Turning Savings into Retirement Income

A Money Magazine reader recently submitted this question to Walter Updegrave, a senior editor and well known personal finance writer:

The 4% rule seems to have become the conventional wisdom for drawing money from your savings in retirement. But I believe the rule is flawed. I think it might make more sense to choose a percentage of your savings that you will withdraw annually and then just apply that percentage to your savings balance at the beginning of each year so you would have more money to spend in years when investment returns are good and less to spend in years when returns are bad. What do you think?

The response listed several available strategies for generating retirement income from available resources.  The discussion of the strategies included well-recognized flaws.

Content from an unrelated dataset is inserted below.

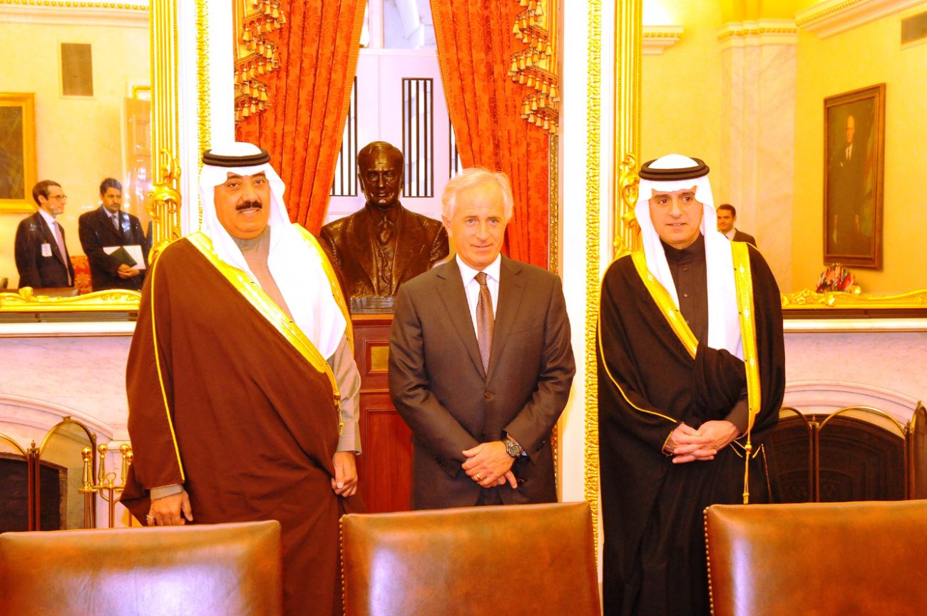 وكان في استقباله بمقر المجلس السيناتور روبيرت كروركر الذي رحب بزيارة سموه للولايات المتحدة الأمريكية ولمجلس الشيوخ .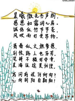 5月13日至5月16日,学院精心策划并举办“感恩、诚信、励志在校园”主题微诗大赛。由学院资助专干教师袁媛担任评委,吸引2022级至2024级众多学子踊跃参赛。参赛者们以凝练的文字、灵动的笔触,在方寸诗行间抒发感恩之情、礼赞诚信之美、书写励志之志。经严格评审,五篇构思精巧、内涵深刻的佳作脱颖而出,获推荐参与校级评选。此次活动以诗歌为载体,既为学生搭建了展现文学才华的平台,有效提升其艺术审美与创作能力,更通过诗意表达深化了诚信感恩教育,让德育理念浸润学生心田。

1.  Fixed Annuities. A fixed annuity can provide a predictable income. There are three negatives: (a) the security of the income depends on the financial stability of the insurance company; (b) you generally lose access to the principal; and (c) most fixed annuities are not indexed to inflation.

2. 4% Withdrawal Rule. This strategy states that you begin year 1 by withdrawing 4% of the value of your retirement income fund. You maintain that withdrawal amount each year, adjusted by the rate of inflation. For example, if in year 1 your income fund had a value of $500k, and the inflation rate is 3%, in year one you would withdraw $20,000. In year two you would increase your withdrawal amount by 3% to $20,600. There are two problems with this scheme. First, if the market tanks like it did in 2008 – particularly if early in your retirement – your money is likely to run out way before you do. Second, if the market does well, you will end up with a lot of money that you could have used for discretionary spending. Instead, it will go to your heirs.

3.  Fixed Withdrawal Rate. This is what the reader proposed. Instead of maintaining a constant withdrawal amount (4% of your year-one retirement fund) adjusted by inflation, you apply the 4% rate to the value of your retirement fund at the beginning of each year. In this way, if the market declines, so does your withdrawal amount. Although this strategy is likely to extend the life of your retirement income fund, your income and lifestyle can change significantly from year-to-year. That is counter-productive to what we want in our retirement.

What is the answer? To me, the answer is a Failsafe Retirement Income Plan, using TIPS and I-Bonds, to provide your basic income needs. What is left over you can invest for discretionary income.

One thought on “Turning Savings into Retirement Income

  1. I think there are some fatal flaws still in saying that TIPS will answer the retirement income financing question better than a modern day annuity.

    While I totally and completely agree that annuities do not index the income for inflation, I do believe that the use of tips might be more useful for the funds outside an annuity to make that adjustment.

    I think you have to back up significantly to answer “How Much” money has to come out of “MY” pocket, in the form of savings to guarantee a future income stream.

    So where the industry has retirement planning all screwed up is they begin with the wrong question. It’s not how much money do I need to retire? The question is, How much income do I need in retirement.

    If I begin knowing that 15 years from now I need $35,000 annually adjusted for 3% inflation (would be around $54,000 a year). I have 15 years to accumulate retirement income assets. How much do I need today to guarantee that future goal.

    Well, if I buy a fixed annuity with a guaranteed income rider I could put $250,000 in the annuity today and be contractually guaranteed $52,000 annually 15 years later.

    If you put that same amount into TIPS and follow a typical iflation history or even your example of 3.04% the $250,000 would grow to $391,767. Now you begin taking $52,000 per year from this plan and you would be out of money within 6-9 years.

    In order for this plan to work “failsafe” you would have to start with $520,000. Thats $270,000 more than the annuity.

    I think I would rather buy the annuity for $250,000 and invest the other $270,000 in TIPS to adjust my income for inflation throughout retirement.

    While I love that you are showing that we don’t need the stock market I still believe people are missing a significant opportunity to lower their financing cost.